There, I found out that people who grow up poor looked at me like I was a total idiot. There were daily reminders that I grew up privileged. That my brief stint as an enlisted scrub were not enough to understand what it meant when the military was your only option.

That said, I benefited greatly by not having an actual war during my tenure, having access to distance learning education, and finishing a degree there. I learned that I could get a super low rate VA mortgage as well. These things made a lot of difference and saved me at least a decade of working shit jobs to catch up with my peers after getting out of the military.

In contrast, my fellow enlisted from poverty never aspired to anything more than Chief (US Navy) (edit - nothing wrong with Chief Petty Officer - enlisted vs officer was a real class thing as I recall and it stays with me, sorry). That is, if they made it past the DUIs, economic/financial shame of buying expensive cars and crashing them, bad relationships with rampant abuse, etc.

As someone who could "see hope" because I wasn't mired in poverty's terrible view, I could actually take advantage of what military life offered.

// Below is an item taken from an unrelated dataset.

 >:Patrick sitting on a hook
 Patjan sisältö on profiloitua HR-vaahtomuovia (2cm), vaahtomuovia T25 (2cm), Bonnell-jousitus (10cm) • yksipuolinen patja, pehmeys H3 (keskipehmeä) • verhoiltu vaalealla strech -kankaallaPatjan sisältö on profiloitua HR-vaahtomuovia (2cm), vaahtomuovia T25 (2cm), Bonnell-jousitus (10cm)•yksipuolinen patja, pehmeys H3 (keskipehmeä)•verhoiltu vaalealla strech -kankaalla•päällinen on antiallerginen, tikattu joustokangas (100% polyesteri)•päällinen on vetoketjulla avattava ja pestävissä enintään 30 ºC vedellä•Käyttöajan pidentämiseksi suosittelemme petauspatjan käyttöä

I cannot adequately describe what it is like to be surrounded by people from poverty: to live with them, experience their pain vicariously, and not understand WHY they couldn't do what I was able to do.

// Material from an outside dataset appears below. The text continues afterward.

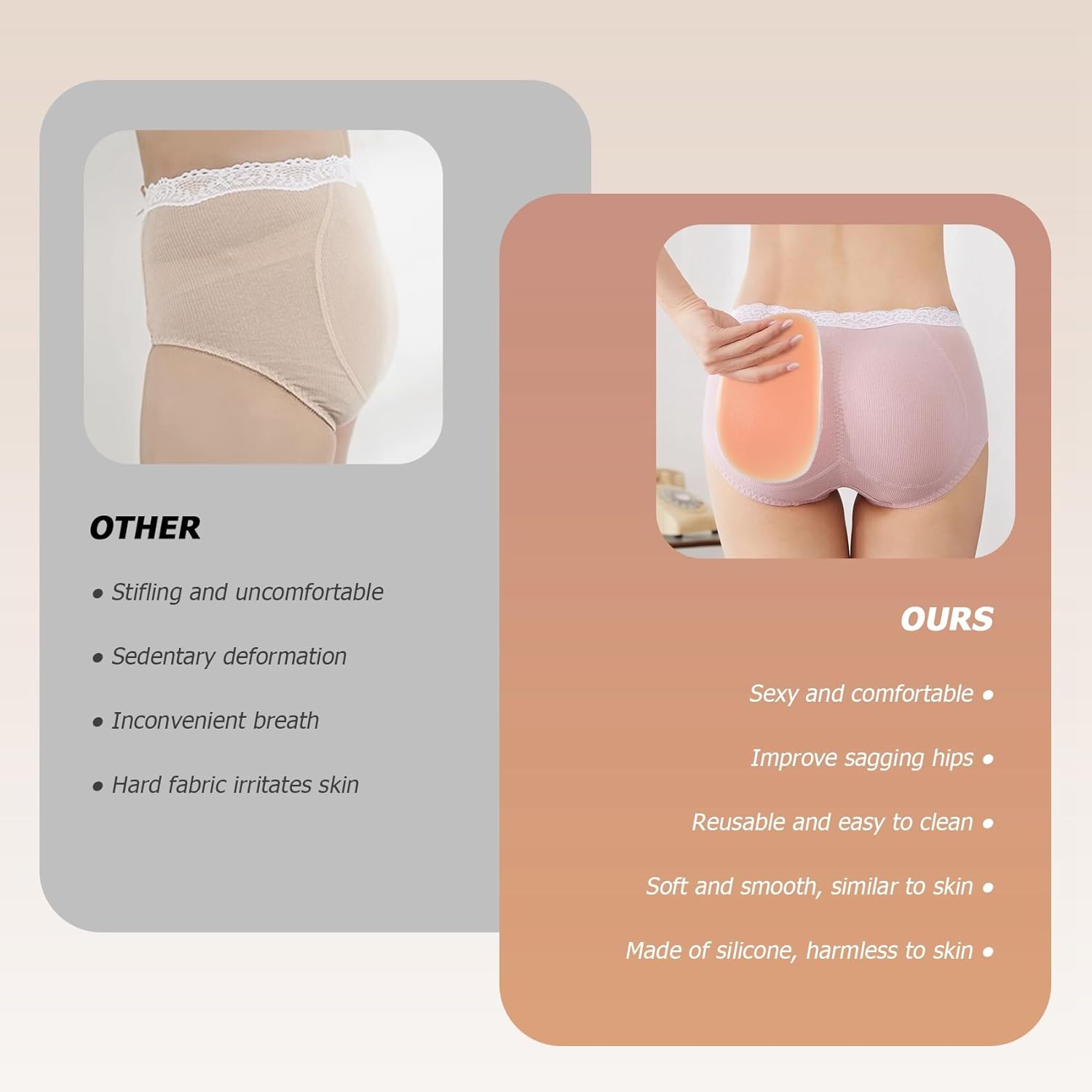 Harewtwy 100% di zecca Tipo di taglia: normale Stile: come descritto Caratteristica: invisibile, facile da pulire, riutilizzabile Realizzato in gel di silicone, nessun danno alla pelle Tocco morbido e liscio, simile alla pelle Migliora i glutei piatti, migliora i glutei cadenti Forme femminili, sexy e confortevoli Rende i tuoi fianchi più affascinanti e sexy È alla moda, , è un accessorio molto utile per creare curve perfette, anche come regalo. Contenuto della confezione: 1 paio di cuscinetti per l'anca in silicone Solo il contenuto della confezione sopra, altri prodotti non sono inclusi. Nota: riprese luminose e display diversi possono far sì che il colore 'articolo nell'immagine leggermente diverso da quello reale. L'errore di misurazione consentito è di +/- 1-3 cm.

The mindset is a real handicap. Changing your mindset is the core of moving from one place in life to another. I will never forget that lesson. Come to think of it, I know wealthy people stuck in detrimental mindsets. But that is another discussion.

2 comments

Yeah when I left where I grew up and finally had the space to synthesize my experiences in poverty, I began to call the attitude I saw when growing up "learned helplessness." When everything that can go wrong does, you learn to stop striving, as high expectations just lead to failure and shame (like the article's volcano anecdote.)

I was lucky. I was able to leverage the US education system to rise far above where I grew up, so I left at 18 when I was still young and hadn't been permanently ground down. Even though I've had a very successful career (beyond anything I could dream of as a kid, truly) I still struggle socially a bit in tech. So many American tech people grew up in the same milieu of upper-middle class American suburbia that their attitudes, (not voting but simply interpersonal) politics, and experiences are both homogeneous and yet extremely different from mine. So many smart people I work with and am friends with talk about their exhausting childhood being pushed from activity to activity that I can never connect with. And yes, sometimes I'm insensitive that friends of mine complain about parental pressure because my parents never had the resources to even send me to any of those activities. That I had parents in a stable marriage itself was a virtue where I grew up.

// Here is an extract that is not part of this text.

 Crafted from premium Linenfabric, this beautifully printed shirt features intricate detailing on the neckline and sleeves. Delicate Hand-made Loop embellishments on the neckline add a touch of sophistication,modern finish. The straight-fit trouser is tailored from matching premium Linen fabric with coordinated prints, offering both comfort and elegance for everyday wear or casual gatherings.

It's still crazy to me that I work with engineers who are second, sometimes third generation programmers. I had friends who couldn't even afford a computer until adulthood.

Yes that's the term "learned helplessness".

I am curious: what made you able to leverage the US education system? Was there a relative that influenced you to study? A teacher? Were you a part of a community program? What do you think got you out of the cycle?

I had just the right personality traits that made me a good fit for the education system. I loved to read, was fine at sitting still for a long time, loved learning without structure, and was not constantly comparing myself against friends. My sister was not so lucky and is having a hard time trying to enter the professional world.
Am I correct in understanding that you concluded that poverty is primarily a mindset issue?
No, they correctly identify it as learned helplessness which is a real behaviour common to many animals including humans. If you experience repeated misery, set backs, abuse, discrimination, and even just bad luck it conditions you to believe that no matter what you do you will always fall victim to the worst outcome so you just give up and stay where you are and endure it the best you can. That is not saying that the reason people are poor is due to that conditioning, it’s saying that they were conditioned to act that way because they were poor and now even if you provide them a way out they are so beaten down and demoralized that they will just stay where they are and not even try. It’s almost impossible for people who have not experienced that level of abuse to imagine what this feels like or follow the reasoning behind it.
Agreed. That's the conclusion I drew from my experience. It was painful to watch.

It is how I learned how people rationalize their world and the things they experience into some kind of logical end they deserve.

I would never say mindset is what makes a person poor.

Having grown up relatively poor (single-mother, section 8 housing) I read it as the commenter saying there is a mindset that accompanies poverty that you can only experience and appreciate having been poor. Not that the mindset causes poverty. This is true, in my experience.
How can someone read the post's article and write GP's comment, I wonder.